» **Exercise brief**
Starting at the line that contains "Pantalon dans notre", retype each line to the end of the listing below. Include both ends, but not the pictures.

» **Supplied information**
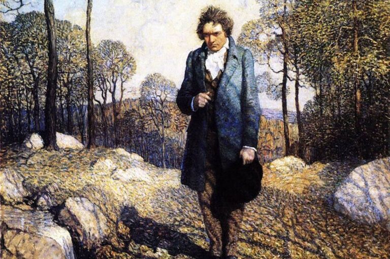 لودفيغ فون بيتهوفن (1770 – 1827) في الطبيعة لوحة بريشة أن. سي. وايث (غيتي) ثقافة و فنون هكذا عبر بيتهوفن من تمجيد البطولة إلى الاحتفاء بالطبيعة by admin 4 September، 2025 written by admin 4 September، 2025 73 بعد صدمته بـ”البطل” نابليون الذي كان يريد أن يكرس له “السيموفونية الخامسة” انتقل إلى عناصر الفرح في “السيمفونية السادسة” اندبندنت عربية / إبراهيم العريس باحث وكاتب عام 1807، وبعد أن أفاق من صدمته بـ”البطل” – نابليون دون أدنى ريب – الذي كان قد بدأ يكرس له واحداً من أهم أعماله الموسيقية، استعاد بيتهوفن صلابته، ورونقه الموسيقي، وحول ذلك العمل من عمل تمجيدي خاص ببطل اللحظة، نابليون نفسه، إلى عمل يمجد البطولة بصورة عامة. وهكذا، إذ استقر قراره على ذلك النحو، عاد للعمل على سيمفونيته الخامسة، سيمفونية البطولة التي ستصبح على الفور، ما إن قدمت إلى الناس للمرة الأولى، واحدة من أشهر أعمال ذلك الفنان العبقري، بل إنها تعتبر وحتى اليوم بنوتاتها الافتتاحية الأربع، أشهر مقطوعة في الموسيقى الكلاسيكية على الإطلاق. ونعرف أن هذه السيمفونية الخامسة تحمل من لحظات الصلابة والعنف والقوة، ما يترجم حقاً موقف بيتهوفن من مفهوم البطولة نفسه. حتى وإن كانت صورة البطل قد تغيرت بالنسبة إليه ولم يعد لها ملامح القائد العسكري الفرنسي الصغير، مما يشي بحاله الذهنية في ذلك الحين. ومع هذا، علينا لكي نضع أحوال بيتهوفن الذهنية كما كانت حين الانتهاء من هذا العمل للشروع في ما سيليه، في نصابها، أن نتذكر أن الموسيقي نفسه، كتب في الوقت عينه الذي كان فيه يستكمل السيمفونية الخامسة، سيمفونيته السادسة المعروفة شعبياً باسم “الرعوية”، التي تتميز بكونها واحدة من أكثر السيمفونيات هدوءاً ودعة والتحاماً بالطبيعة، في تاريخ الموسيقى الكلاسيكية. لقد اشتغل بيتهوفن على العملين معاً، وربما في وقت واحد. وهما قدما معاً، واحداً بعد الآخر، في الـ22 من كانون الثاني (ديسمبر) 1808 في فيينا. ومنذ ذلك الحين والناس في دهشة: كيف تمكن فنان واحد من أن يرسم الحالين في وقت واحد، وفي عملين يتناقضان في ما بينهما كل هذا التناقض؟ محاولة للإجابة عن السؤال ربما، في محاولة الإجابة عن هذا السؤال، يتعين أن نكتفي بالإشارة إلى أن بيتهوفن، بعدما صاغ في ذهنه موسيقى البطولة وعنفها، أراد أن يهدئ من نفسه وأن يعيد لموسيقاه عذوبتها التي كان عبر عنها في السيمفونية الثالثة. أو ربما، أمام هول ما كتبه في “الخامسة” أراد أن يخلق في ذاته توازناً واضحاً يريحه. ومهما كان من أمر الجواب، من المؤكد أن السيمفونية السادسة أتت أشبه بعودة الفنان للطبيعة، وربما أتت بصفتها العمل الأكثر ارتباطاً بالطبيعة وعناصرها في تاريخ الفن الموسيقي. وقد يجدر بنا هنا أن ننقل من دفاتر بيتهوفن هذا النص الدال، الذي كتبه في الوقت نفسه الذي كان فيه ينجز كتابة “السيمفونية السادسة”: “أن كل استعراض سيخسر الكثير، في الحقيقة، إن هو أراد أن يترجم كتأليف موسيقي ترجمة شديدة الأمانة. لذا علينا أن نترك إلى المستمع نفسه أمر توجيه مشاعره وأحاسيسه. من هنا، أرى أن العناوين التفسيرية، لا يمكنها إلا أن تكون سطحية. إذ، حتى ذاك الذي لا يمتلك إلا فكرة شديدة الغموض عن الريف سيكون قادراً على أن يفهم ما أريد التعبير عنه هنا، بكل سهولة. من هنا، أرى أن أي تفسير وصفي سيكون من دون فائدة. وأن من الأفضل لنا التعلق بالتعبير عن العاطفة، بدلاً من التوجه نحو التصوير بالموسيقى، السيمفونية ليست لوحة مرسومة”. غلاف السيمفونية السادسة (أمازون) كلام واضح بالتأكيد من المؤكد أن كلام بيتهوفن هذا يتسم بوضوح لا بأس به، غير أن وضوحه سيكون أكبر إن نحن تذكرناه بحذافيره ونحن نصغي بصورة دقيقة إلى السيمفونية السادسة، هذا العمل الذي لم يكف الباحثون والمؤرخون، والمستمعون العاديون عن اعتباره على مدى قرنين من الزمن حتى الآن “معلماً من معالم الانتظام والجمال” و”نموذجاً في التوازن والقوة” و”قصيدة مستوحاة مباشرة من حس عميق بروعة الطبيعة”. وتتألف الس
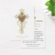 Featuring a beautiful traditional Catholic image a Gold Cross with and overlay of the Immaculate Heart of Mary with pink roses A prayer is also on the back for the bride and groom. All text and fonts can be modified.
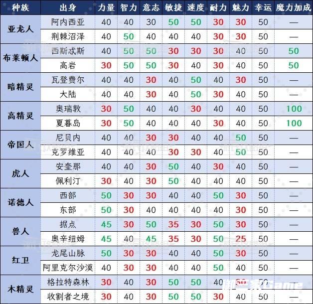 种族总共有10种,每个种族包含2个出身,各种族属性加成数值如下。
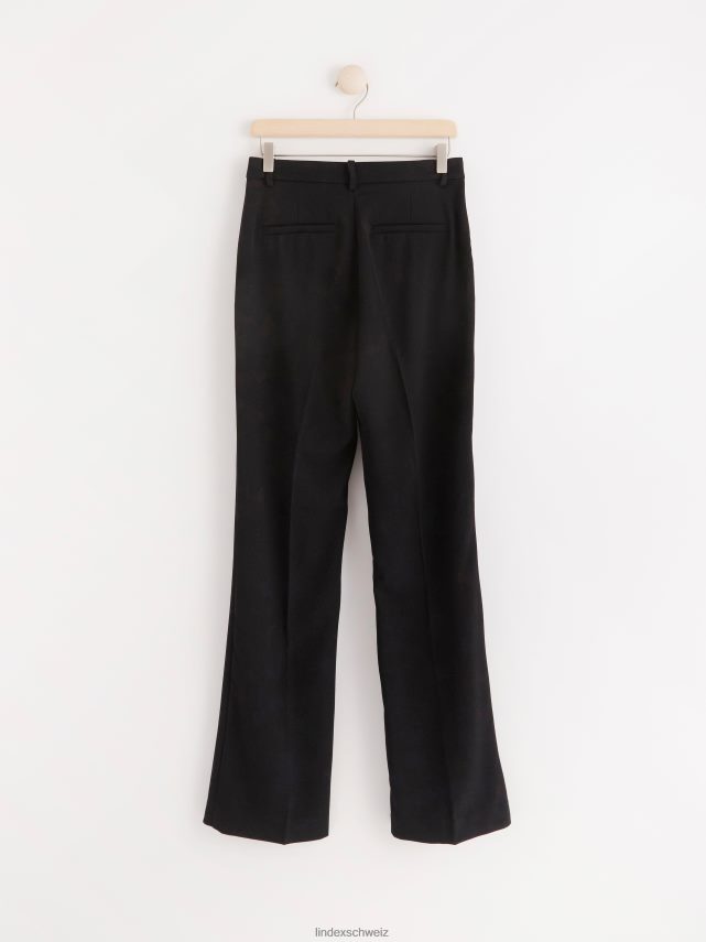 Pantalon dans notre coupe Fiona avec taille normale et jambe évasée extra longue avec plis pour un look décontracté mais bien habillé.
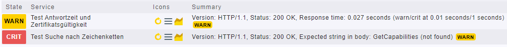 Allerdings habe ich inzwischen ein Problem gefunden. Dabei geht es um die “Suche nach Zeichenketten”. Das ist ein ganz wichtiger Bestandteil für den Test der Ausgabeseiten von unseren Diensten. Die Regel sucht im body nach der festen Zeichenkette “GetCapabilities”. Wird die nicht gefunden geht der Service nur auf WARN. In der ersten Logik ist das vielleicht in Ordnung, weil der Statuscode des Seite 200 ist. Stimmt der Webserver liefert erfolgreich eine Seite aus, daher stimmt der Statuscode 200. Die Seite enthält aber statt der korrekten Ausgabe nur eine Fehlermeldung und deshalb konnte die Zeichenkette nicht gefunden werden. Ich würde mir nun wünschen, dass der Service in diesem Fall auf CRIT geht. Immerhin antwortet unserer Dienst ja nicht korrekt.

» **Task result**
 Pantalon dans notre coupe Fiona avec taille normale et jambe évasée extra longue avec plis pour un look décontracté mais bien habillé.
 Allerdings habe ich inzwischen ein Problem gefunden. Dabei geht es um die “Suche nach Zeichenketten”. Das ist ein ganz wichtiger Bestandteil für den Test der Ausgabeseiten von unseren Diensten. Die Regel sucht im body nach der festen Zeichenkette “GetCapabilities”. Wird die nicht gefunden geht der Service nur auf WARN. In der ersten Logik ist das vielleicht in Ordnung, weil der Statuscode des Seite 200 ist. Stimmt der Webserver liefert erfolgreich eine Seite aus, daher stimmt der Statuscode 200. Die Seite enthält aber statt der korrekten Ausgabe nur eine Fehlermeldung und deshalb konnte die Zeichenkette nicht gefunden werden. Ich würde mir nun wünschen, dass der Service in diesem Fall auf CRIT geht. Immerhin antwortet unserer Dienst ja nicht korrekt.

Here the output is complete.